Giermasz
Radio SzczecinRadio Szczecin » Giermasz » RECENZJE
Życie nie rozpieszczało Henrego: wspólne życie z ukochaną kobietą legło w gruzach, trochę i z jego winy. Teraz, "na zakręcie" ucieka od problemów w leśną głuszę amerykańskiego stanu Wyoming i zostaje strażnikiem, który z wysokiej wieży ma wypatrywać pożarów. Wydawałoby się - czas na nudną, spokojną egzystencję i życiowe przemyślenia. Ale już od pierwszego dnia pracy zaczyna dziać się coś niepokojącego. Gdy atmosfera "gęstnieje" zdajemy sobie sprawę, że w lesie chyba nie jesteśmy sami - ale i nikt nam nie pomoże zmierzyć się z tym, co może czaić się w - wydawało się - sielskich "okolicznościach przyrody". Firewatch, niezależna gra przygodowa w której świat oglądamy z perspektywy oczu Henrego, to krótka, ale intensywna i satysfakcjonująca produkcja dla miłośników opowieści "z dreszczykiem". Nie mylić z horrorem.

Gra kupiona do recenzji ze środków własnych.
GIERMASZ - Recenzja gry Firewatch

Mówi się o takich grach - symulator chodzenia. Z kompasem i mapą przemierzamy leśne ostępy. Scenografia jest bardzo ładna, powiedziałbym, komiksowa. Grafika może nie powali na kolana, ale zastosowanie filtrów i efektownej gry świateł sprawia, że w mojej ocenie nawet za kilka lat ta produkcja nie będzie wyglądała staro. Chociaż - ale to drobny minus - zdarzają się spadki animacji, gdy gra zaczyna nieco "klatkować". Skoro to jednak niezależna produkcja przygotowana przez niewielki zespół, nie będę się czepiał. Muzyki nie ma wiele, ale stosowana w odpowiednich momentach dobrze podkreśla coraz bardziej niepokojącą atmosferę gry.
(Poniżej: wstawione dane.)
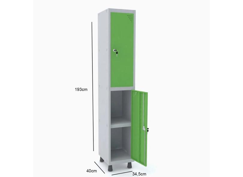 Roupeiro de aço 1M 02 portas c/ prat. fechadura pandin - cinza/verde

Genialnym zabiegiem, niemalże definiującym Firewatch, było osadzenie akcji pod koniec lat 80-tych XX wieku. Nie wiem, czy jeszcze pamiętacie, ale o telefonach komórkowych - nie mówiąc o smartfonach - nikt jeszcze wtedy nie słyszał. Jedynym kontaktem ze światem dla Henrego jest mikrofalówka. I to rozmowy "na odległość" z szefową o wdzięcznym imieniu Delilah są osią rozgrywki. W skórcie wygląda to tak, że łazimy po lesie i umilamy sobie czas gadaniem. Henry nie jest niemy, ma swoje przemyślenia, dzięki czemu łatwiej identyfikować się z naszym bohaterem. Także Delilah to kobieta z krwi i kości: generalnie dialogi napisane są naprawdę bardzo dobrze, w połączeniu ze znakomitą grą czytających je aktorów - a jako radiowiec tym bardziej to doceniam - rozwój fabuły śledzimy z rosnącym zainteresowaniem. Oczywiście, o czym wspomniałem na początku, gdy atmosfera "gęstnieje", gdy wokół Henrego zaczynają się dziać niepokojące rzeczy, Firewatch pokazuje swoje absolutnie najlepsze oblicze.

Sama rozgrywka nie wymaga jakiś małpich umiejętności - wszak nazwa "symulator chodzenia" do czegoś zobowiązuje. Firewatch to po prostu gra przygodowa, a w tej najważniejsze są właśnie rozmowy i wykonywanie prostych zadań.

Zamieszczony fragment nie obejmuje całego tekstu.